### The data
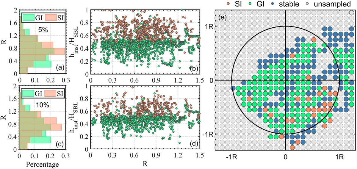 结果表明,在热带气旋“海棠”期间,亚中尺度不稳定的发生概率显著增加,对称不稳定和重力不稳定的概率是非热带气旋期间的两倍。热带气旋引起的热通量损失往往为重力不稳定的发展创造了有利条件。重力不稳定主要发生在涡旋的0.2-0.8半径范围内,且集中在混合层的上半部分。对称不稳定则倾向于发生在混合层的下半部分,主要分布在涡旋的0.6-1.0半径之间,并且主要集中在涡旋的东南边缘,在热带气旋“海棠”期间发生频率最高。亚中尺度不稳定的空间分布特征受锋面、热带气旋风场结构以及大气通量的共同影响。热带气旋诱发的风场促进了锋面区域负位涡(摩擦位涡通量)的注入,导致锋面更容易触发对称不稳定。此外,研究发现,在热带气旋过境期间,稳定的风场比旋转风场更有利于亚中尺度不稳定的形成。热带气旋伴随的强风应力打破了亚中尺度不稳定的昼夜循环,为中午期间本应较弱的亚中尺度不稳定提供了条件
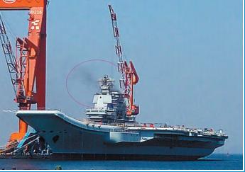 中國首艘自制航空母艦烟囪冒黑烟的照片近期在網絡流傳。有網友稱,18日14時許,001A主機點火試車,烟囪冒出不是很濃的黑烟。中國軍事專家李杰認為,目前的主機試車應該屬於*裝過程中的各系統測試,距離航母下水還不到一個月的時間。但此次試車并不是試航的前兆。
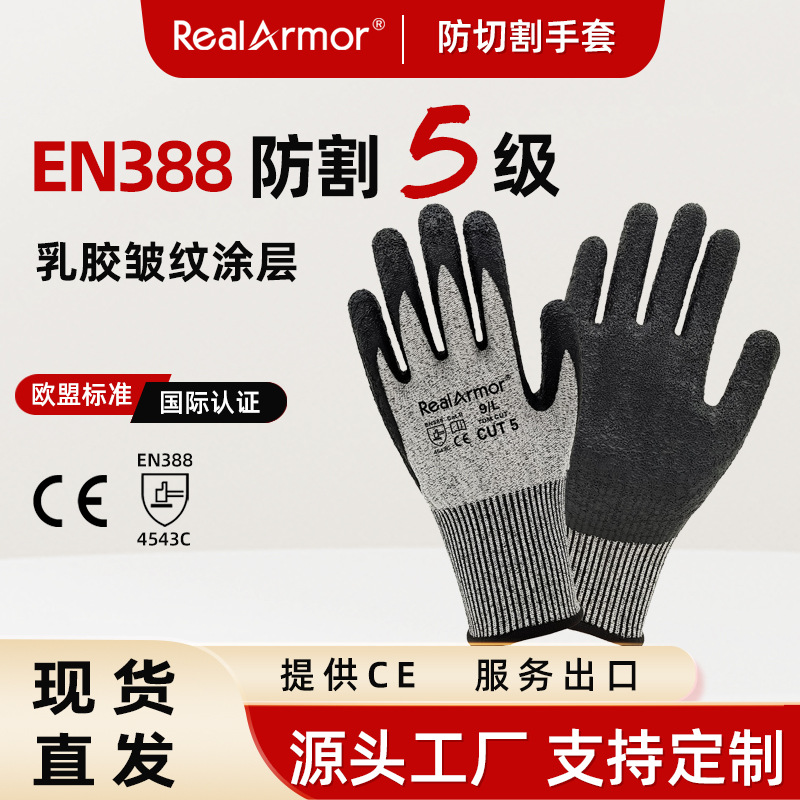 CE认证EN388防割5级HPPE材质涂层D级玻璃厂防切割手套工业级防护
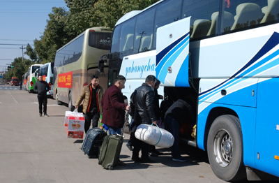 今年春節(jié)前夕,公司根據(jù)前期報名統(tǒng)計,共組織9輛大巴車送300多名員工返鄉(xiāng)過春節(jié),主要發(fā)往安徽、河南、湖南、江西、湖北等多個員工家鄉(xiāng)聚集省市。每輛車上安派了乘車長,定時定點向公司報平安。同時為職工準備了暈車藥、飲用水和喜慶的春聯(lián),為他們的返鄉(xiāng)之旅增添了不少溫暖。
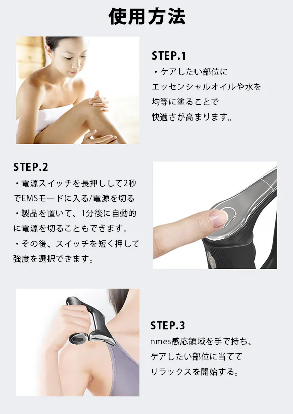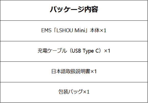 ※初めて「LSHOU Mini」を使うときは、低いレベルからの使用をおすすめします。体の負荷能力に応じて徐々にレベルアップしていきます。
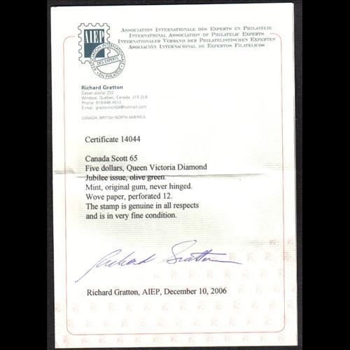 #65 MINT NH JUBILEE AIEP CERTFICATION C$6000,00
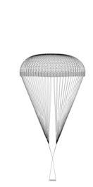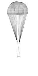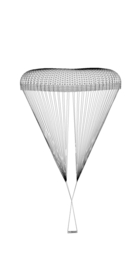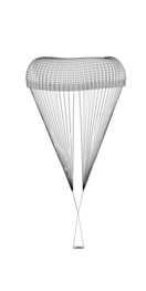 Disreefing of a G-12 ParachuteHere we focus on computer modeling of the fluid-structure interactions (FSI) involved in disreefing of a G-12 parachute. The parachute is initially deployed in a reefed configuration and with a lower drag area so that higher descent speeds are achieved during most of its descent. Prior to landing, it is disreefed to increase the drag area to its full level and thus reduce the landing speed to its normal value. We model the aerodynamic and FSI response of the parachute to the disreefing. The simulation starts with a reefed parachute with a diameter 25% smaller than the diameter of a fully-inflated parachute. The simulation is carried out in a parallel computing environment with the parallel FSI solver written by the T*AFSM. The underlying methods of the FSI solver were introduced by the T*AFSM over the years. These methods include: the Deforming-Spatial-Domain/Stabilized Space-Time (DSD/SST) formulation [1-4], an automatic mesh update technique [5], and the quasi-direct fluid-structure coupling method [6-7].
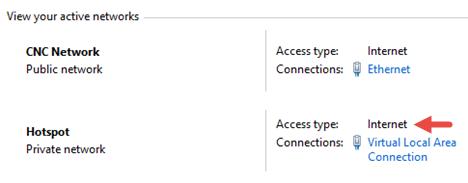 Save the changes. In the Network and Sharing Center, the type of Hotspot network will be changed to Internet. That means that this network (and all devices connected to it) now have an access to the Internet.
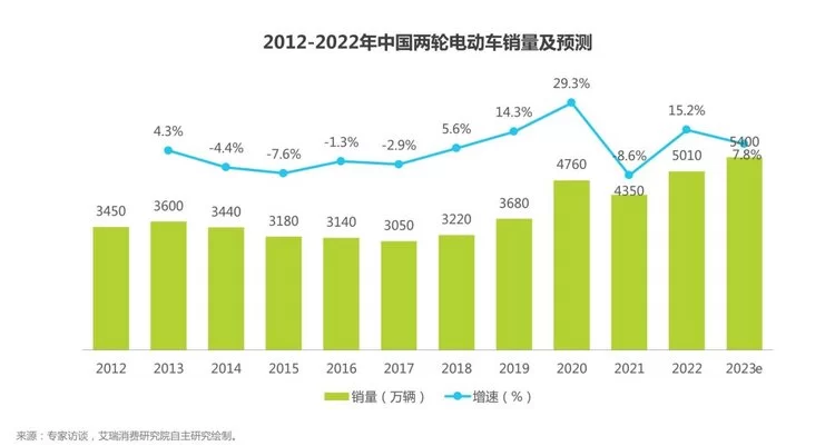 国内市场两轮电动车销量极大的受地方新国标政策的执行力度影响,艾瑞咨询不完全统计与估算,2022年中国两轮电动车销量约5010万辆,较去年增长15.2%,预计2023年销量将达到5400万辆。
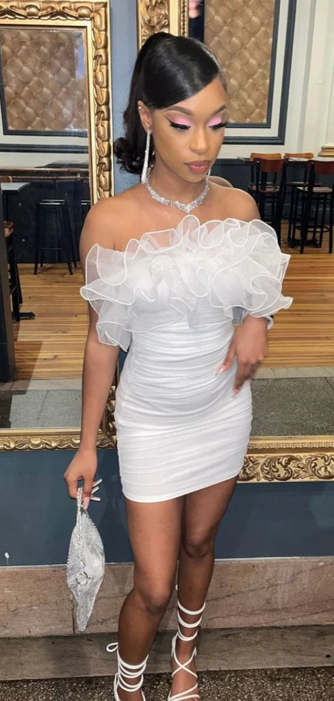 Sexy Off-shoulder White Sleeveless Mermaid Satin Homecoming Dresses For Party Online, HD1026
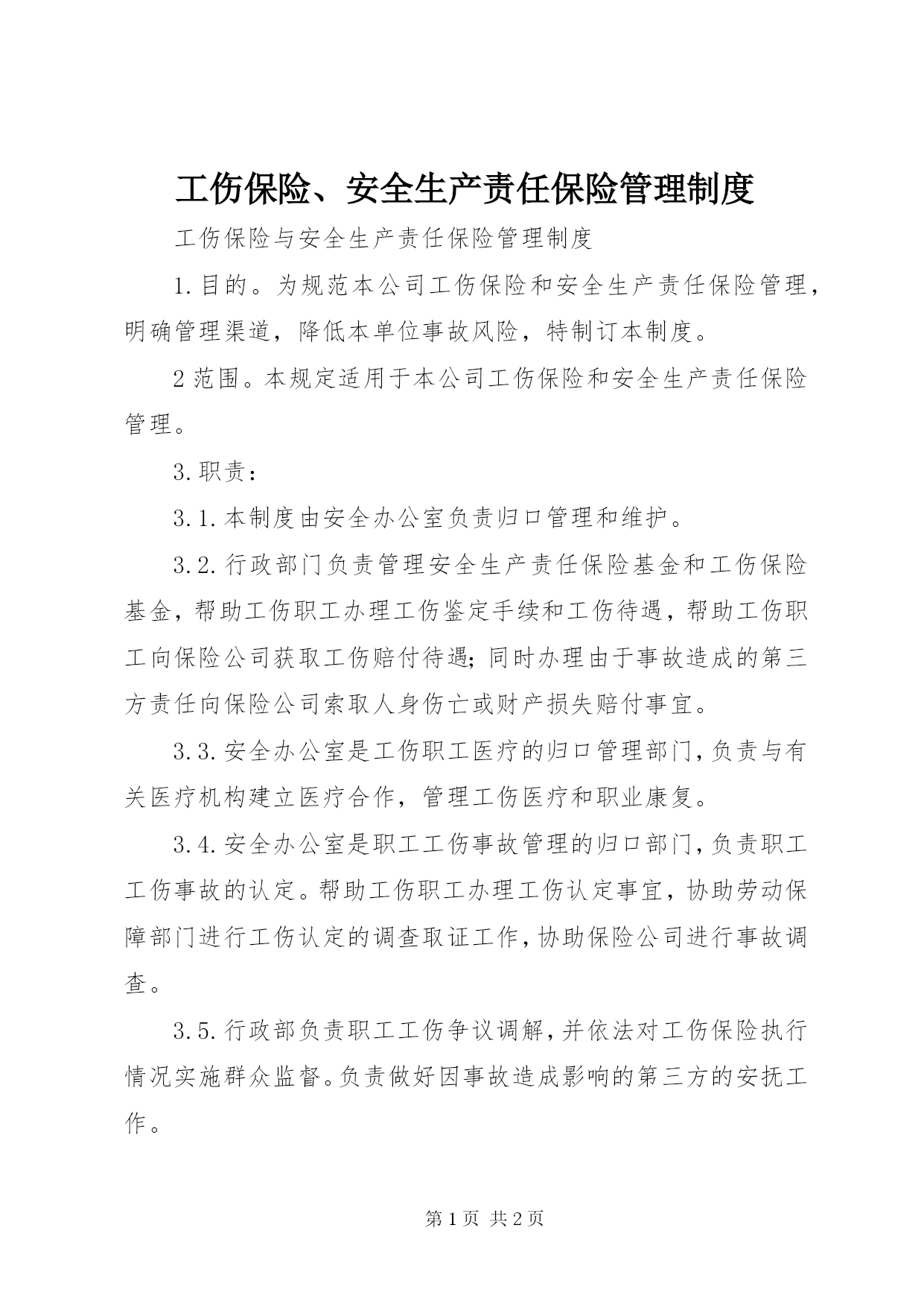 第PAGE\*Arabic\*MERGEFORMAT2页共NUMPAGES\*MERGEFORMAT2页工伤保险、安全生产责任保险管理制度工伤保险与安全生产责任保险管理制度1.目的。为规范本公司工伤保险和安全生产责任保险管理,明确管理渠道,降低本单位事故风险,特制订本制度。2范围。本规定适用于本公司工伤保险和安全生产责任保险管理。3.职责:3.1.本制度由安全办公室负责归口管理和维护。3.2.行政部门负责管理安全生产责任保险基金和工伤保险基金,帮助工伤职工办理工伤鉴定手续和工伤待遇,帮助工伤职
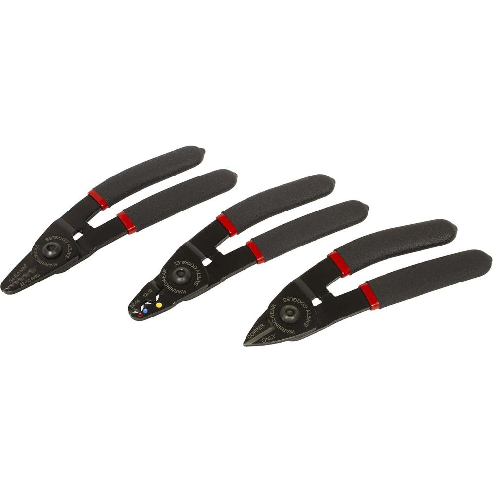 Three piece mini electrical pliers are ideal for cutting, crimping, and stripping wire in tight places including behind engines, behind seats, and under dashes.
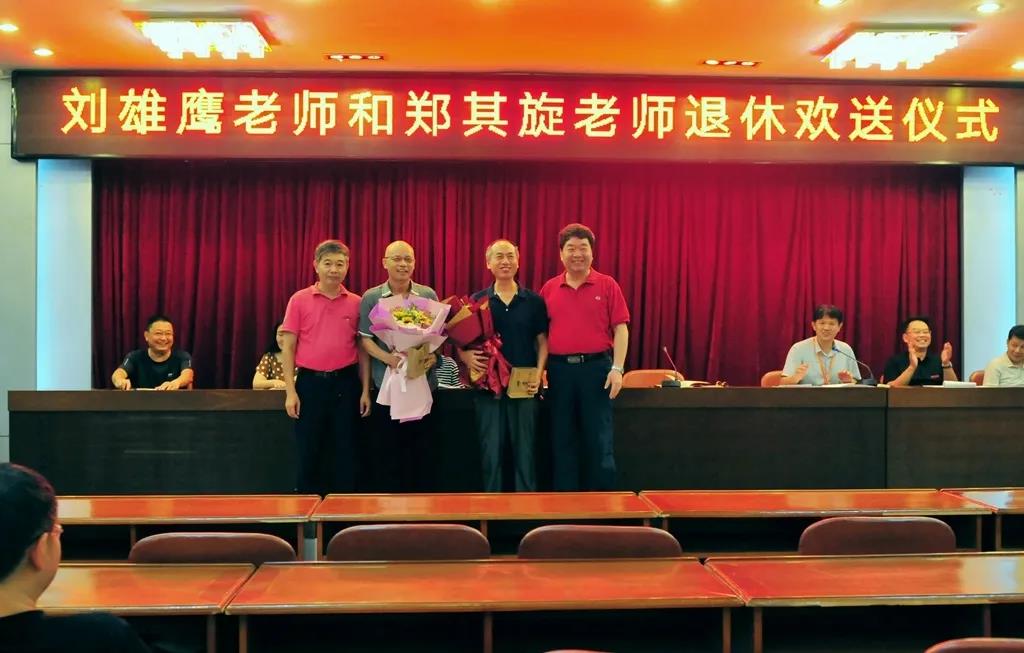 大会伊始,邵武一中全体教职工为刘雄鹰和郑其旋两位老师举行了退休欢送仪式,并由吴萌校长与郭胜光书记分别为两位老师献上退休礼品和鲜花,衷心感谢两位老师多年来为学校做出的贡献,并祝福他们开始自己全新的人生规划,同时也希望两位老师能继续关心、关注邵武一中的发展。
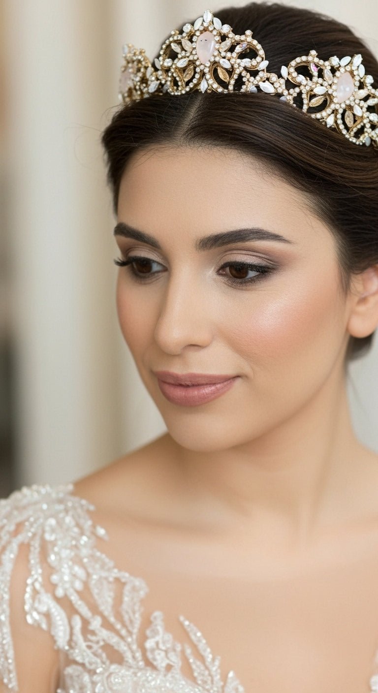 The Celeste Tiara by Treasures by Agnes is a breathtaking heirloom design crafted for the bride who loves rich detail and romantic sparkle. Hand-set in an antique gold finish, this ornate tiara features an exquisite blend of Austrian crystals in golden shadow, ivory cream, white opal, and clear tones, accented with soft pearl details for a luminous, vintage-inspired glow.
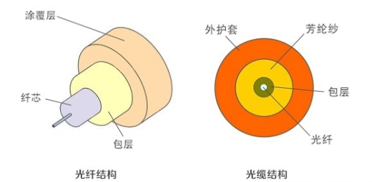 光纤裸纤一般分为三层:纤芯、包层和涂覆层。
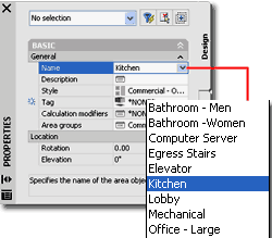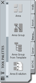 The Add Area Properties Palette offers a few options that should be fairly easy to understand. Some options, like the Name and Area Groups fields, will only offer a drop-down list if the current drawing has corresponding Styles. The Styles that play a role in higher level use of Area Objects requires a broad knowledge of Area Objects and Area Group Objects so don't let these subjects deter you from jumping in and learning as you go. GENERAL Style - an Area Style can be created with the Style Manager to help distinguish areas by such display features as hatching and color coding. Area Styles only offer Display options. Tag - to use the Tag option, you must have a tag object already loaded in your drawing. Once one exists in your drawing, you can have it automatically assigned to your Area objects upon creation. You can always add a Tag later as well. Though Room tags work for Area Objects, you may want to use the predefined Area Tags from the Area Tags folder in the DesignCenter. You can read more about Areas and Tags below and in Part 18 - Schedules. Calculation Modifiers - this option can be used to assign any Area Calculation Modifier Style that is available in the current drawing. These simple formula based styles can be used to modify the results of Area Calculations to conform to such standards as those set by BOMA or for other office criteria. See Part 20 - Areas, Area Calculation Modifier Styles for more on this subject. Caution: Area Calculation Modifier Styles can be assigned to both Areas and Area Groups and thus be accumulative. Area Groups - use this dialog to see all Area Groups in the current drawing. Put a Check mark next to any that you want the Area Object you are creating to be associated with. Command Line Match - use this typed option to inherit any or all of the following settings: [Style/Name/Group/Modifier]. |
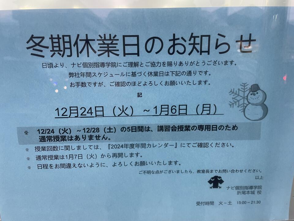 今回は夏期期間中の休校日のお知らせです!!
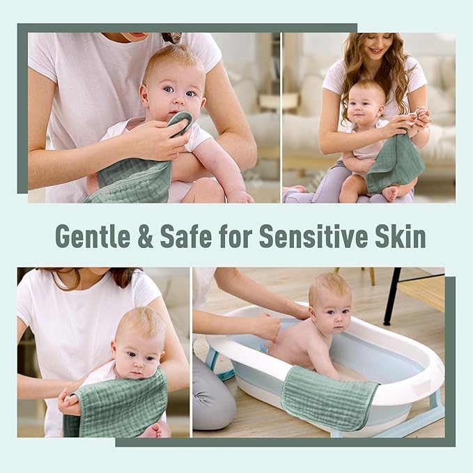 Yoofoss Muslin Burp Cloths for Baby 10 Pack 100% Organic Cotton Baby Washcloths for Boys Girls Large 20''X10'' Super Soft and Absorbent Dark Green
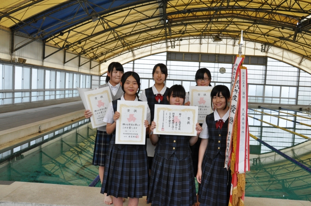 【成績】 平成27年度熊本県高校総合体育大会 男子 100m自由形/50m自由形出場 女子 100m自由形/50m自由形/100m平泳ぎ 400mメドレーリレー出場 平成27年度荒尾玉名地区体育大会 女子団体 優勝 女子個人3種目 第1位 女子200mリレー 第1位 |

### Task prompt
Wherever an image appears in the data, omit it and repeat everything else exactly.

### Task response
 结果表明,在热带气旋“海棠”期间,亚中尺度不稳定的发生概率显著增加,对称不稳定和重力不稳定的概率是非热带气旋期间的两倍。热带气旋引起的热通量损失往往为重力不稳定的发展创造了有利条件。重力不稳定主要发生在涡旋的0.2-0.8半径范围内,且集中在混合层的上半部分。对称不稳定则倾向于发生在混合层的下半部分,主要分布在涡旋的0.6-1.0半径之间,并且主要集中在涡旋的东南边缘,在热带气旋“海棠”期间发生频率最高。亚中尺度不稳定的空间分布特征受锋面、热带气旋风场结构以及大气通量的共同影响。热带气旋诱发的风场促进了锋面区域负位涡(摩擦位涡通量)的注入,导致锋面更容易触发对称不稳定。此外,研究发现,在热带气旋过境期间,稳定的风场比旋转风场更有利于亚中尺度不稳定的形成。热带气旋伴随的强风应力打破了亚中尺度不稳定的昼夜循环,为中午期间本应较弱的亚中尺度不稳定提供了条件
 中國首艘自制航空母艦烟囪冒黑烟的照片近期在網絡流傳。有網友稱,18日14時許,001A主機點火試車,烟囪冒出不是很濃的黑烟。中國軍事專家李杰認為,目前的主機試車應該屬於*裝過程中的各系統測試,距離航母下水還不到一個月的時間。但此次試車并不是試航的前兆。
 CE认证EN388防割5级HPPE材质涂层D级玻璃厂防切割手套工业级防护
 今年春節(jié)前夕,公司根據(jù)前期報名統(tǒng)計,共組織9輛大巴車送300多名員工返鄉(xiāng)過春節(jié),主要發(fā)往安徽、河南、湖南、江西、湖北等多個員工家鄉(xiāng)聚集省市。每輛車上安派了乘車長,定時定點向公司報平安。同時為職工準備了暈車藥、飲用水和喜慶的春聯(lián),為他們的返鄉(xiāng)之旅增添了不少溫暖。
 ※初めて「LSHOU Mini」を使うときは、低いレベルからの使用をおすすめします。体の負荷能力に応じて徐々にレベルアップしていきます。
 #65 MINT NH JUBILEE AIEP CERTFICATION C$6000,00
 Disreefing of a G-12 ParachuteHere we focus on computer modeling of the fluid-structure interactions (FSI) involved in disreefing of a G-12 parachute. The parachute is initially deployed in a reefed configuration and with a lower drag area so that higher descent speeds are achieved during most of its descent. Prior to landing, it is disreefed to increase the drag area to its full level and thus reduce the landing speed to its normal value. We model the aerodynamic and FSI response of the parachute to the disreefing. The simulation starts with a reefed parachute with a diameter 25% smaller than the diameter of a fully-inflated parachute. The simulation is carried out in a parallel computing environment with the parallel FSI solver written by the T*AFSM. The underlying methods of the FSI solver were introduced by the T*AFSM over the years. These methods include: the Deforming-Spatial-Domain/Stabilized Space-Time (DSD/SST) formulation [1-4], an automatic mesh update technique [5], and the quasi-direct fluid-structure coupling method [6-7].
 Save the changes. In the Network and Sharing Center, the type of Hotspot network will be changed to Internet. That means that this network (and all devices connected to it) now have an access to the Internet.
 国内市场两轮电动车销量极大的受地方新国标政策的执行力度影响,艾瑞咨询不完全统计与估算,2022年中国两轮电动车销量约5010万辆,较去年增长15.2%,预计2023年销量将达到5400万辆。
 Sexy Off-shoulder White Sleeveless Mermaid Satin Homecoming Dresses For Party Online, HD1026
 第PAGE\*Arabic\*MERGEFORMAT2页共NUMPAGES\*MERGEFORMAT2页工伤保险、安全生产责任保险管理制度工伤保险与安全生产责任保险管理制度1.目的。为规范本公司工伤保险和安全生产责任保险管理,明确管理渠道,降低本单位事故风险,特制订本制度。2范围。本规定适用于本公司工伤保险和安全生产责任保险管理。3.职责:3.1.本制度由安全办公室负责归口管理和维护。3.2.行政部门负责管理安全生产责任保险基金和工伤保险基金,帮助工伤职工办理工伤鉴定手续和工伤待遇,帮助工伤职
 Three piece mini electrical pliers are ideal for cutting, crimping, and stripping wire in tight places including behind engines, behind seats, and under dashes.
 大会伊始,邵武一中全体教职工为刘雄鹰和郑其旋两位老师举行了退休欢送仪式,并由吴萌校长与郭胜光书记分别为两位老师献上退休礼品和鲜花,衷心感谢两位老师多年来为学校做出的贡献,并祝福他们开始自己全新的人生规划,同时也希望两位老师能继续关心、关注邵武一中的发展。
 The Celeste Tiara by Treasures by Agnes is a breathtaking heirloom design crafted for the bride who loves rich detail and romantic sparkle. Hand-set in an antique gold finish, this ornate tiara features an exquisite blend of Austrian crystals in golden shadow, ivory cream, white opal, and clear tones, accented with soft pearl details for a luminous, vintage-inspired glow.
 光纤裸纤一般分为三层:纤芯、包层和涂覆层。
 The Add Area Properties Palette offers a few options that should be fairly easy to understand. Some options, like the Name and Area Groups fields, will only offer a drop-down list if the current drawing has corresponding Styles. The Styles that play a role in higher level use of Area Objects requires a broad knowledge of Area Objects and Area Group Objects so don't let these subjects deter you from jumping in and learning as you go. GENERAL Style - an Area Style can be created with the Style Manager to help distinguish areas by such display features as hatching and color coding. Area Styles only offer Display options. Tag - to use the Tag option, you must have a tag object already loaded in your drawing. Once one exists in your drawing, you can have it automatically assigned to your Area objects upon creation. You can always add a Tag later as well. Though Room tags work for Area Objects, you may want to use the predefined Area Tags from the Area Tags folder in the DesignCenter. You can read more about Areas and Tags below and in Part 18 - Schedules. Calculation Modifiers - this option can be used to assign any Area Calculation Modifier Style that is available in the current drawing. These simple formula based styles can be used to modify the results of Area Calculations to conform to such standards as those set by BOMA or for other office criteria. See Part 20 - Areas, Area Calculation Modifier Styles for more on this subject. Caution: Area Calculation Modifier Styles can be assigned to both Areas and Area Groups and thus be accumulative. Area Groups - use this dialog to see all Area Groups in the current drawing. Put a Check mark next to any that you want the Area Object you are creating to be associated with. Command Line Match - use this typed option to inherit any or all of the following settings: [Style/Name/Group/Modifier]. |
 今回は夏期期間中の休校日のお知らせです!!
 Yoofoss Muslin Burp Cloths for Baby 10 Pack 100% Organic Cotton Baby Washcloths for Boys Girls Large 20''X10'' Super Soft and Absorbent Dark Green
 【成績】 平成27年度熊本県高校総合体育大会 男子 100m自由形/50m自由形出場 女子 100m自由形/50m自由形/100m平泳ぎ 400mメドレーリレー出場 平成27年度荒尾玉名地区体育大会 女子団体 優勝 女子個人3種目 第1位 女子200mリレー 第1位 |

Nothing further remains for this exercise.